Orang besar datang dan pergi, lahir lalu mati. Hidupnya utuh terekam, nisannya mengilap dari batu pualam. Di atasnya diterakan sepenggal ayat suci, mungkin juga sebait puisi.

Tapi dia, Gareta, bahkan tak kudengar tanggal kematiannya. Sampai kemarin, saat Jakarta hujan dan berangin, kabar tentangnya terselip di antara cerita media sosial kawan-kawan sekampung. Kabar kematiannya berhembus bersama kenangan yang basah.

Entah kenapa saya tiba-tiba mengingatnya, lelaki tua yang dengannya melekat kenakalan masa bocahku. Namanya Gareta, kami memanggilnya Gare', jika sedikit hormat kerap kutambahi sendiri jadi Ua' Gare'. Paman Gare'.

Ia orang biasa. Cenderung lemah ingatan. Tak pernah jelas benar ucapannya. Dan satu hal lagi, asal-muasalnya sungguh misterius. Sampai sekarang pun, yang saya tahu tentang dirinya hanya bahwa Gare’ datang dari utara – dari Sulawesi Utara. Ada yang menyebut nama lengkapnya Gareth Sumampouw, tapi tak jelas juga benar tidaknya. Begitu juga bagaimana ia bisa tinggal bersama keluarga Papa Uding di dekat pesawahan Kondo Bata di pinggiran Desa Mambi, ceritanya tak pernah terang. Sampai hari ini.

Ia hidup sendiri, tak punya keluarga, tak punya kerabat.

Semenjak saya mulai belajar mengeja nama orang, Gare’ telah hadir bersamaku. Gambarannya tak berubah: kopiah hitam, kemeja lusuh dengan warna memudar, celana pendek dengan kain sarung dililitkan di pinggangnya. Jika ditanya, ia hanya menjawab sekenanya sembari memalingkan muka dan mengusapkan jari ke ujung hidung. Ia tak pernah menatap lawan bicara.

Dunia Gare’ hanya di tiga tempat. Di sawah ia membantu orang-orang kampung membajak, di pasar setiap Senin dan Kamis membantu siapa saja yang butuh mengangkat barang, dan masjid desa. Dan di masjid inilah Gare’ menganyam kenangan denganku, juga bocah-bocah sepantaran.
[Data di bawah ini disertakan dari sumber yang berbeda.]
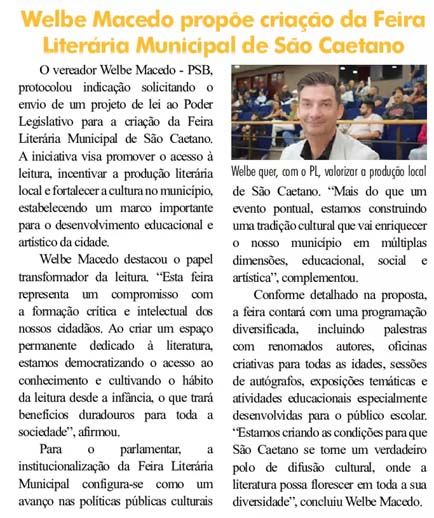 Walbe Macedo propõe criação da Feira Literária Municipal de São Caetano

Di Masjid Mambi, hanya dua orang yang punya tempat bersila yang pasti: imam masjid dan Gare’. Ya, Gare’ selalu menempati posisi saf (barisan) terdepan di ujung kiri. Di pojok kiri masjid, di bawah jendela kaca. Dari posisi itu, saat berdiri, pandangan Gare’ leluasa ke jalan raya dan Pasar Mambi.

Ia selalu datang ke masjid dengan tentengan yang sama: kantong kresek, sajadah permadani, lampu senter, dan payung lipat. Saya tak mungkin lupa urut-urutan gerakan Gare’ setiap kali memasuki masjid. Dibukanya sandal jepit dan dimasukkan ke kantong kresek lalu diletakkan di sudut kirinya, payung dan senter ia geletakkan pula di lekuk dinding, lalu digelarnya sajadah kemudian duduk dengan takzim menanti waktu sholat.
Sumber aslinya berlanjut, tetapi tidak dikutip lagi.